On a maintes fois vu Lance Armstrong  se payer la tête de l’Allemand Jan Ulrich et de son collègue Erik Zabel. Voilà Christopher Froome, déjà 4 fois invaincu au Tour de France, dont l’avant-dernier avait jeté un doute persistant. On a vu les veines et les nerfs de son cou gonflés de façon insolite pendant une montée et dans la lancée, ne résistant pas aux réactions du produit qui a occasionné ces gonflements, Chris Froome a accéléré, laissant sur place Quintana. Accélérer de cette façon en montagne, alors que les vrais humains tirent la langue et se mettent en danseuse pour tenir le rythme, n’est pas naturel, c’est surhumain, c’est du dopage.  Depuis ce doute, Froome n’a jamais été perdu de vue, la révélation est tombée ce mardi 12/12/2017. Si jamais le Britannique est pincé pour dopage, on se poserait des tas de questions sur le cyclisme international.

C’est au milieu de ce bourbier que la Guinée veut rattraper le temps perdu en perdant du temps. Avec beaucoup d’amusement, on a entendu Isto Keira, le Secrétaire général du ministère des Sports annoncer  les étapes du Tour de Guinée, un tour  difficile à côté duquel, celui du Faso ou du Rwanda sont minables. Ce super Tour de Guinée dont les étapes  se résument  aux routes goudronnées de Boké-Kamsar-Boffa-Tanènè-Dubréka-Coyah…, puis, les  coureurs vont être transportés jusqu’à Coyah. La dernière étape Coyah Conakry  déterminera le vainqueur de ce Tour de Guinée. Le nombre de kilomètre ne dépasse pas  500, et on est assez exhaustif et large dans l’approximation. Isto ne dit pas si Conakry sera parcourue en combien de nombre de fois et surtout les itinéraires choisis. Il ne dit pas combien de caméras et de motos suivront les coureurs,  s’il y a une étape contre-la-montre, s’il y a un ardoisier, on est candidat pour l’être. On se demande s’il y a un contrôle anti-dopage, pas à l’EPO ou autre, mais au fruit de datura (mèren).

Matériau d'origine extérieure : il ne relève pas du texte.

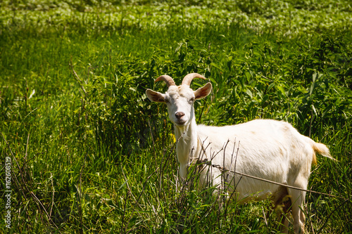 Obraz premium Goat grazing on green meadow and looking at camera at you
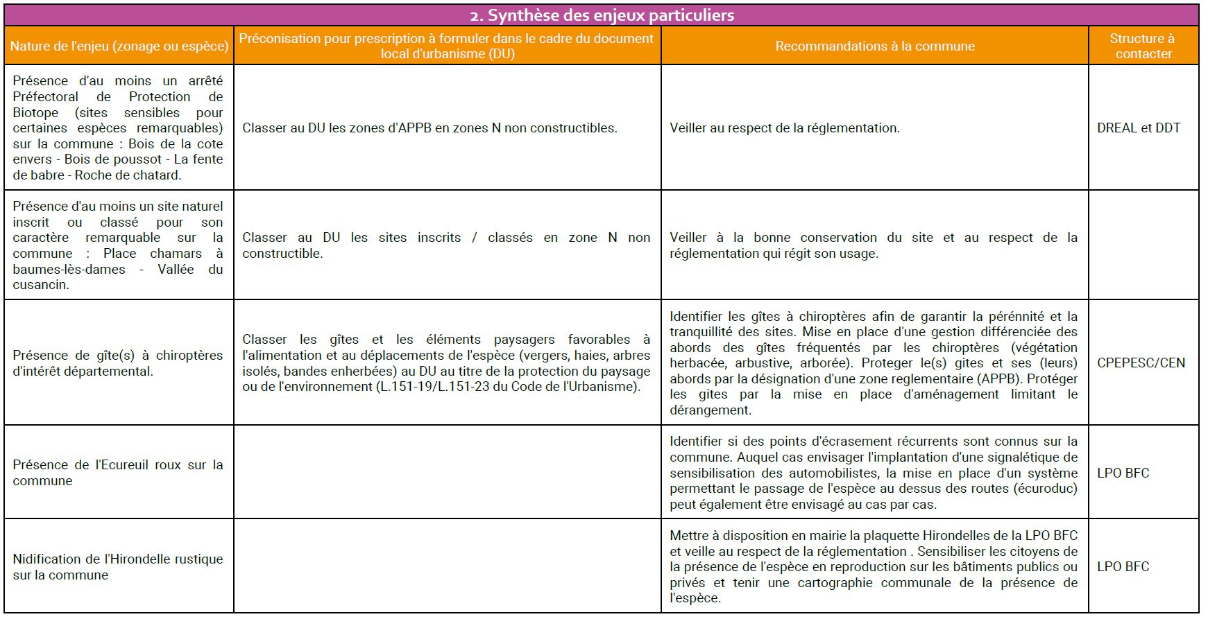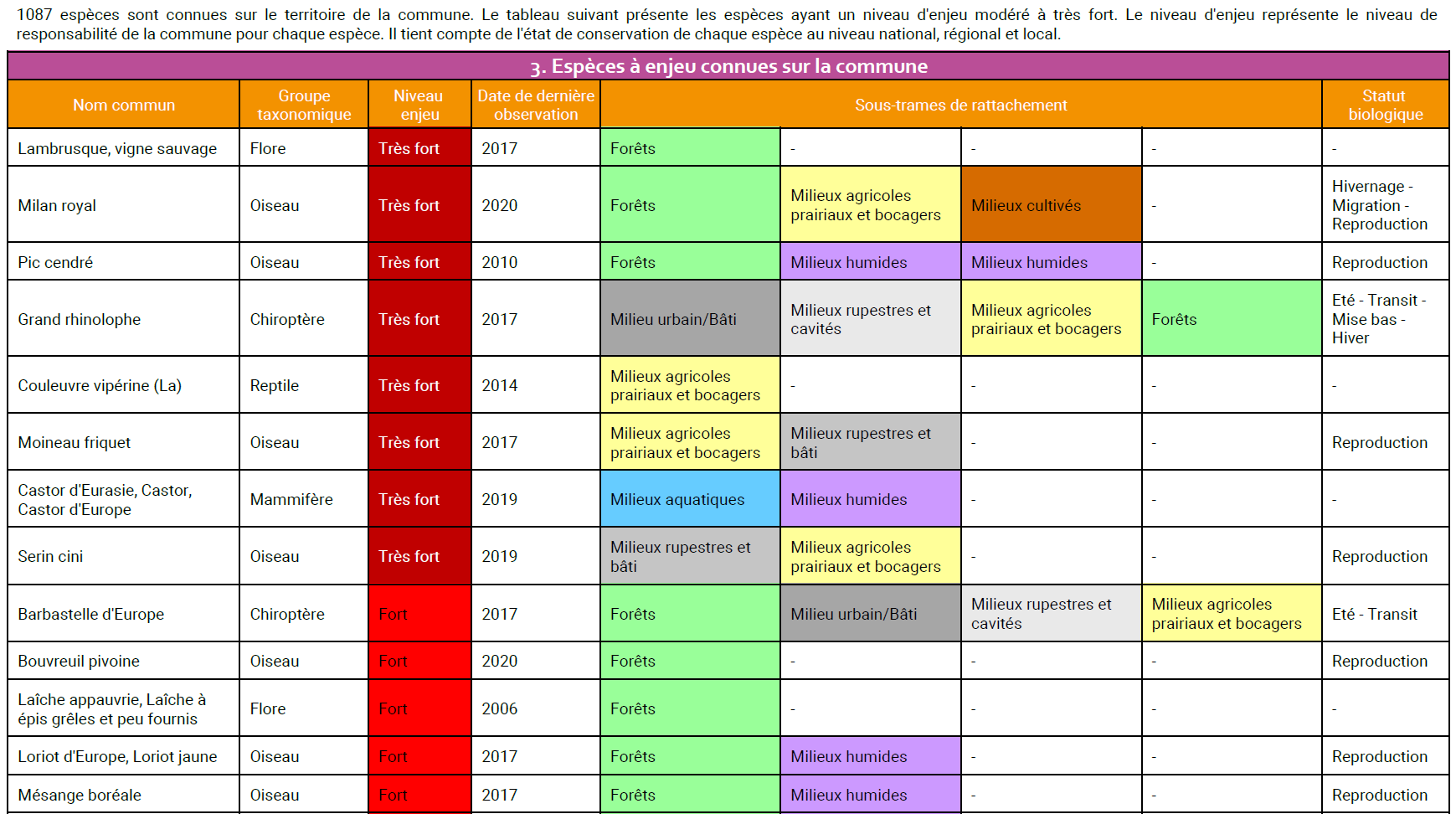 - Espèces à enjeux connues sur la commune : définis à partir de croisement e différents critères (listes rouges, responsabilité régionale...)

Si les Bachirou et les Santa Maria étaient là pour voir ce qui se passe cinquante ans après leur dernière course, dont la ligne d’arrivée était juste sous le grand fromager qui couvrait la Place des Martyrs, ils auraient ri de bon cœur.

En tout bon sens, les guinéens doivent se mesurer, se doser et se tempérer. Vouloir faire comme les autres et ne pas avoir leurs moyens, c’est se lancer dans le ridicule. Tout le monde sait l’État des infrastructures routières du pays pourquoi vouloir les exposer ? Mais si les plus représentatifs morceaux de route sont choisis, entre ceci tout n’est pas plat. La presse internationale ne fermera pas les yeux dessus.